The PFE connects to the recently upgraded backup Junos VM, which now becomes the master routing engine.
The PFE performs a warm reboot.
The new master Junos VM installs the PFE state from RAM back into the PFE.
The other Junos VM is shut down.
Junos has been upgraded and the PFE has performed a warm reboot.
Let’s see an ISSU in action:
dhanks@QFX5100> request system software in-service-upgrade flex-13.2X51-D20.2- domestic-signed.tgz warning: Do NOT use /user during ISSU. Changes to /user during ISSU may get lost! ISSU: Validating Image error: 'Non Stop Routing' not configured error: aborting ISSU error: ISSU Aborted! ISSU: IDLE
Ah, bummer! What happened here? There are some requirements for the control plane that must be enabled before a successful ISSU can be achieved:
NSR
NSB
GRES
Commit Synchronization
Let’s configure these quickly and try an ISSU once again.
{master:0}[edit] dhanks@QFX5100# set chassis redundancy graceful-switchover {master:0}[edit] dhanks@QFX5100# set protocols layer2-control nonstop-bridging {master:0}[edit] dhanks@QFX5100# set system commit synchronize {master:0}[edit] dhanks@QFX5100# commit and-quit configuration check succeeds commit complete Exiting configuration mode
OK, now that all of the software features required for ISSU are configured and committed, let’s try the ISSU one more time:
dhanks@QFX5100> request system software in-service-upgrade flex-13.2X51-D20.2- domestic-signed.tgz warning: Do NOT use /user during ISSU. Changes to /user during ISSU may get lost! ISSU: Validating Image ISSU: Preparing Backup RE Prepare for ISSU ISSU: Backup RE Prepare Done Extracting jinstall-qfx-5-flex-13.2X51-D20.2-domestic ... Install jinstall-qfx-5-flex-13.2X51-D20.2-domestic completed Spawning the backup RE Spawn backup RE, index 1 successful GRES in progress GRES done in 0 seconds Waiting for backup RE switchover ready GRES operational Copying home directories Copying home directories successful Initiating Chassis In-Service-Upgrade Chassis ISSU Started ISSU: Preparing Daemons ISSU: Daemons Ready for ISSU ISSU: Starting Upgrade for FRUs ISSU: Preparing for Switchover ISSU: Ready for Switchover Checking In-Service-Upgrade status Item Status Reason FPC 0 Online Send ISSU done to chassisd on backup RE Chassis ISSU Completed ISSU: IDLE Initiate em0 device handoff pci-stub 0000:01:00.1: transaction is not cleared; proceeding with reset anyway pci-stub 0000:01:00.1: transaction is not cleared; proceeding with reset anyway pci-stub 0000:01:00.1: transaction is not cleared; proceeding with reset anyway pci-stub 0000:01:00.1: transaction is not cleared; proceeding with reset anyway em0: bus=0, device=3, func=0, Ethernet address 10:0e:7e:b2:2d:78 hub 1-1:1.0: over-current change on port 1 hub 1-1:1.0: over-current change on port 3 hub 1-1:1.0: over-current change on port 5 QFX5100 (ttyd0) login:
Excellent! The ISSU has completed successfully and no traffic was impacted during the software upgrade of Junos.

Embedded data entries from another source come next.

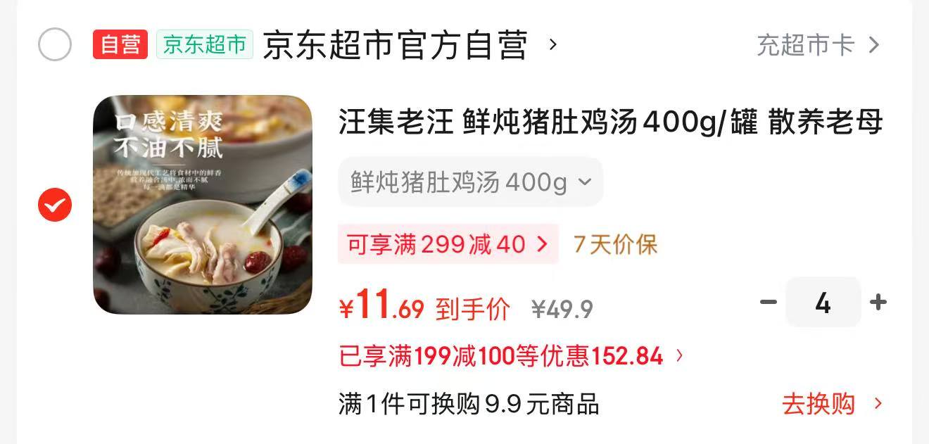 汪集老汪 鲜炖猪肚鸡汤400g/罐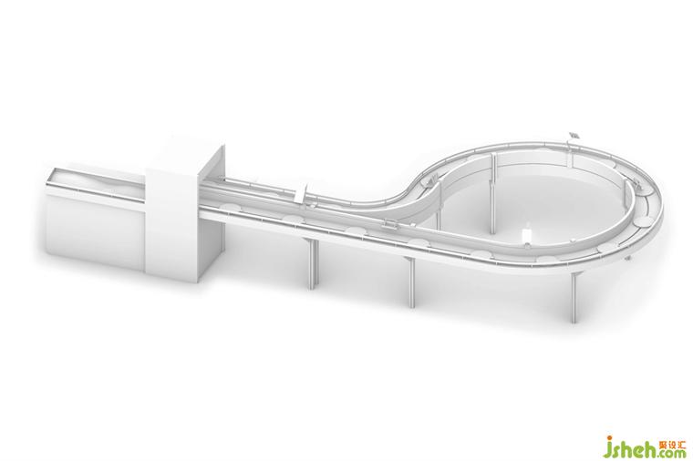 同時,這一延續(xù)工業(yè)作業(yè)中「傳送」的流程,回歸到實際消費環(huán)節(jié)時,也能將收銀區(qū)作為“打包”的最后一步,展廳設(shè)計以此完成空間收銀功能的嵌入。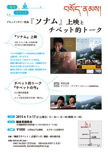 ↑詳細はこちら。クリックすると拡大できます ドキュメンタリー映画『ソナム』上映+チベット的トーク日時:2015年1月17日(土)13:30〜16:00場所:鎌倉恩寵教会(鎌倉市佐助1−9−3) ■映画『ソナム』上映(小川真利枝監督) チベット本土から亡命した10歳…

One of the advantages of the Broadcom warm reboot feature is that no firmware is installed in the PFE. This effectively makes the ISSU problem a control plane–only problem, which is very easy to solve. When you need to synchronize both the PFE firmware and control plane firmware, there are more moving parts, and the problem is more difficult to solve. Juniper MX Series by Douglas Richard Hanks, Jr. and Harry Reynolds (O’Reilly) thoroughly explains all of the benefits and drawbacks of ISSU in such a platform that upgrades both the control plane firmware in addition to the PFE firmware. The end result is that a control plane–only ISSU is more stable and finishes much faster when compared to a platform such as the Juniper MX. However, the obvious drawback is that no new PFE features can be used as part of a control plane–only ISSU, which is where the Juniper MX would win.
This chapter walked you through the design of the control plane and how the Juniper QFX5100 is really just a server that thinks it’s a switch. The Juniper QFX5100 has a powerful Intel CPU, standard memory, and SSD hard drives. What was surprising is that the switch boots directly into Linux and uses KVM to virtualize Junos, which is the network operating system. Because Junos is running a VM, it enables the Juniper QFX5100 to support carrier-class features such as ISSU, NSR, and NSB.